Back in April, crooks using the online handle USDoD wrote on a cyber-crime forum that they were selling for $3.5 million what was alleged to be 2.9 billion records, across multiple files in a 277GB archive, on US, Canadian, and British citizens, including their aforementioned names and phone and Social Security numbers where relevant, as well as their address histories going back 30 years and details of their parents and relatives.

That silo of personal info was stolen from an outfit called National Public Data, or NPD, a small information broker based in Coral Springs that offers API lookups to other companies for things like background checks.
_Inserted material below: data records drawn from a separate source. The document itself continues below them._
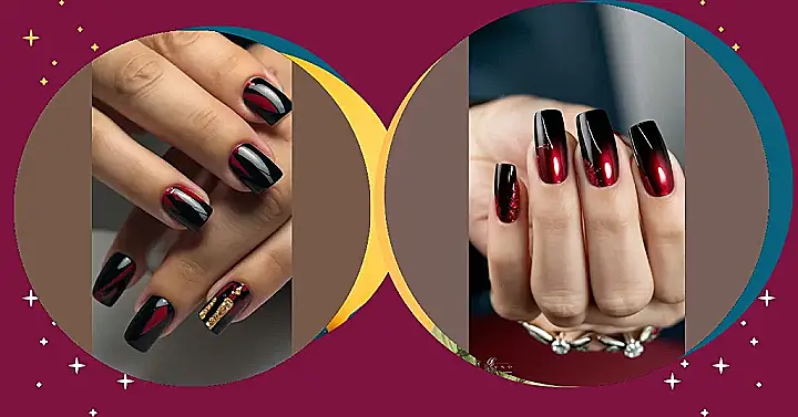 **Paragraph 1:** Forget basic beige! These Thanksgiving nails are anything but boring. Imagine: a super chic, almost spooky, mix of black and deep red, like a stylish little vampire went to a harvest festival. The swirls of color are like fancy autumn leaves, but way cooler. One nail even has a sparkly gold accent – perfect for showing off your best Thanksgiving outfit (and maybe sneaking extra pie).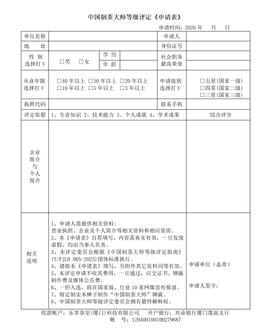 友情提示:一旦申报通过,将聘任为中国制茶大师等级评定委员会“国茶智库”专家成员。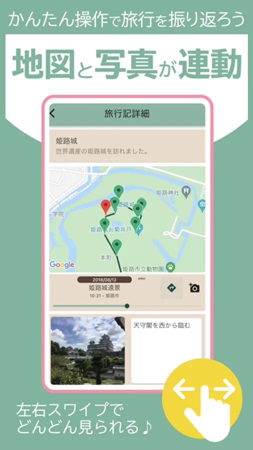 文章をほとんど入力しなくても、視覚的に楽しい旅行記を作ることができます。
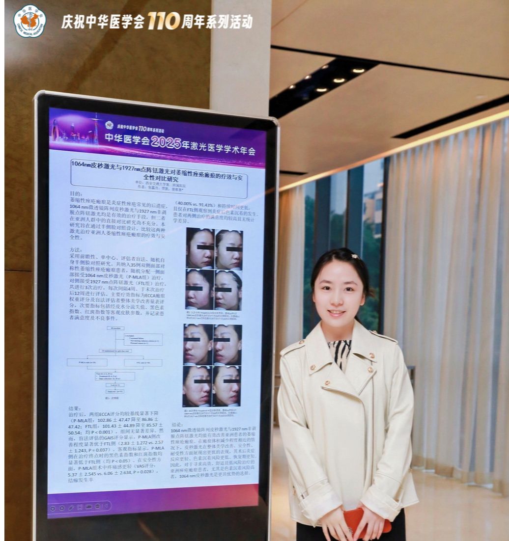 会议期间,我院皮肤科团队全程积极参与。刘晶副教授在多个分会场认真聆听了学术报告,并就血管性皮肤病的光电治疗进展、光生物调节疗法等热点问题与讲者及同行进行了深入交流。研究生张露月广泛汲取新知,开阔科研视野,发表了壁报论文《1064nm皮秒激光与1927nm点阵铥激光对萎缩性痤疮瘢痕的疗效与安全性对比研究》。团队成员的集体亮相与活跃表现,展现了交大二院皮肤科团结协作、求知若渴的团队风貌。
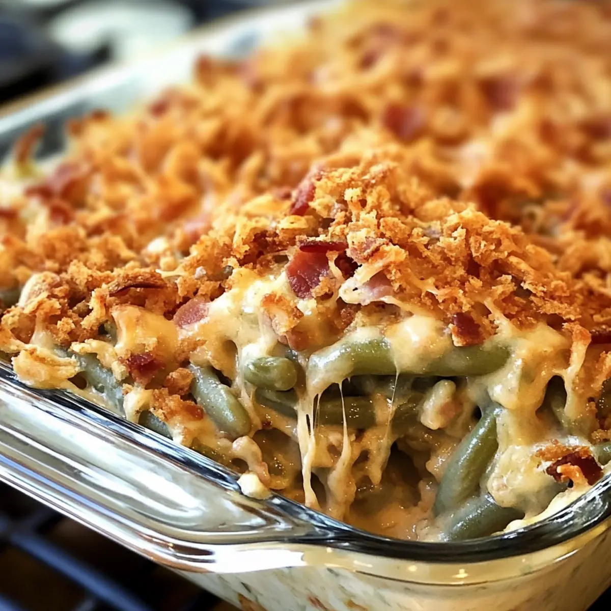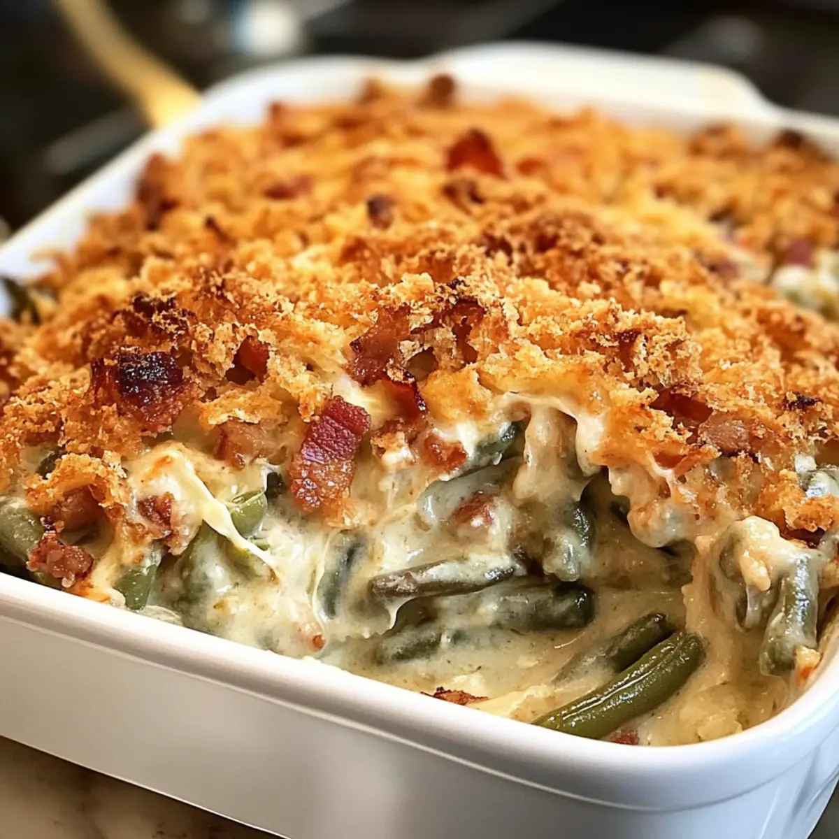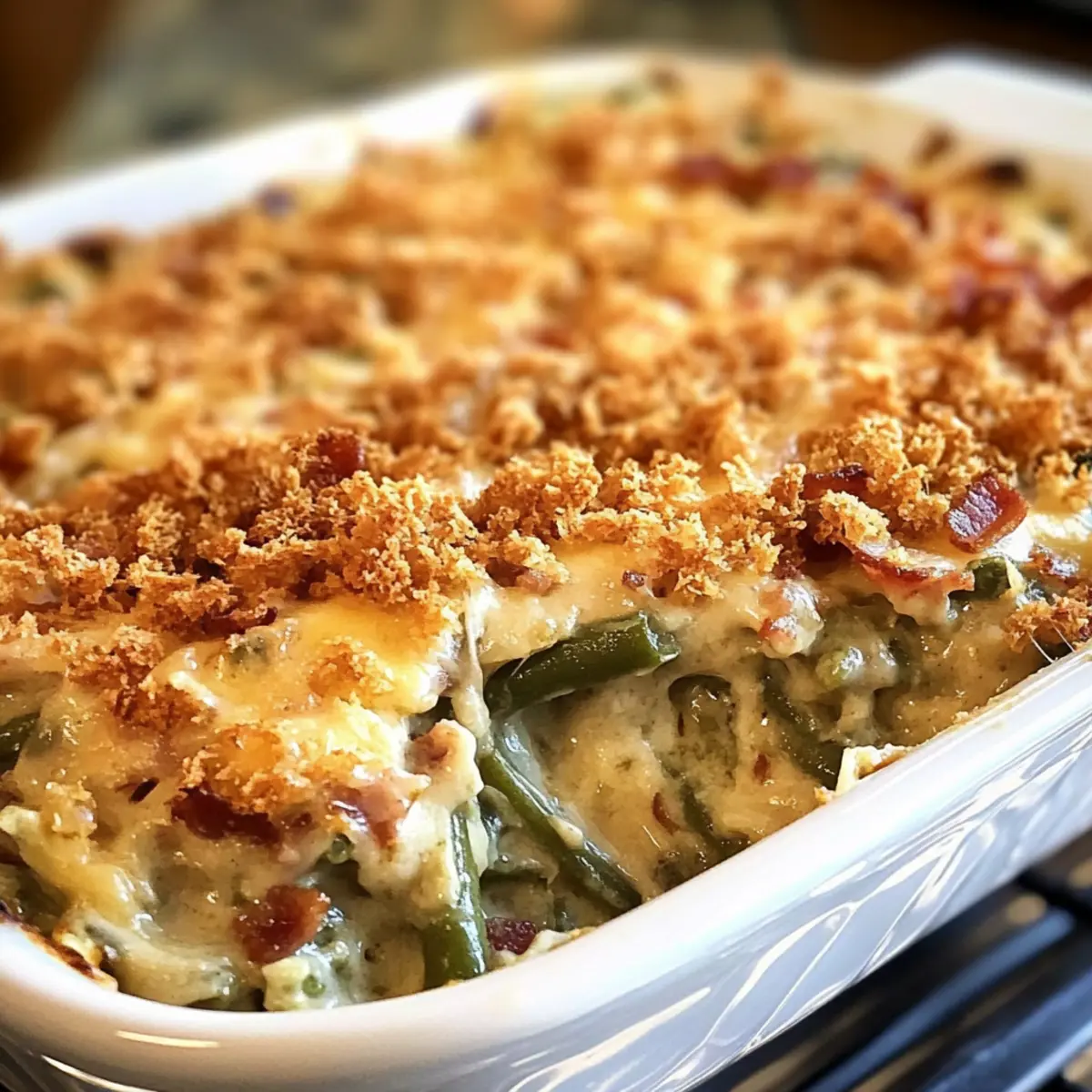 Die Kombination aus cremiger Sauce, knusprigem Speck und zarten grünen Bohnen weckt Appetit und Vorfreude auf ein unvergessliches Familienessen.

According to USDoD, the stolen data was collected by NPD between 2019 and 2024. The firm likely sourced that info at least from public records at the local, state, and federal level.
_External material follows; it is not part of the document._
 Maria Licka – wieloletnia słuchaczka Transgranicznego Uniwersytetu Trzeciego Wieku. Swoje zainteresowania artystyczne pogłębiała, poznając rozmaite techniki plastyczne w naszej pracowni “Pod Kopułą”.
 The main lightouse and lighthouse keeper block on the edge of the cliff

A cyber-thief using the handle SXUL pilfered the information and passed it to USDoD to sell, which sparked a lawsuit against NPD at the start of this month.

Some of the stolen information had been leaking out via the dark web in bits and pieces, though last week, someone using the handle Fenice dumped what's claimed to be 2.7 billion records from that collection onto the internet for anyone to download for free if they know where to look. Note that it is a database with billions of rows, not billions of individuals; there are a lot of inaccuracies in the data, as well as a lot of dead people, and duplication.

After weeks of silence, and countless people starting to get alerts from privacy and anti-fraud services that their personal info has been leaked, NPD has, in cagey language, confirmed it was compromised and that its data was stolen and shared. According to the biz, it was ransacked in December, and the leaks started in April, leading up to now. According to USDoD, the data was passed around the cyber-crime underworld before ending up on sale and now in public.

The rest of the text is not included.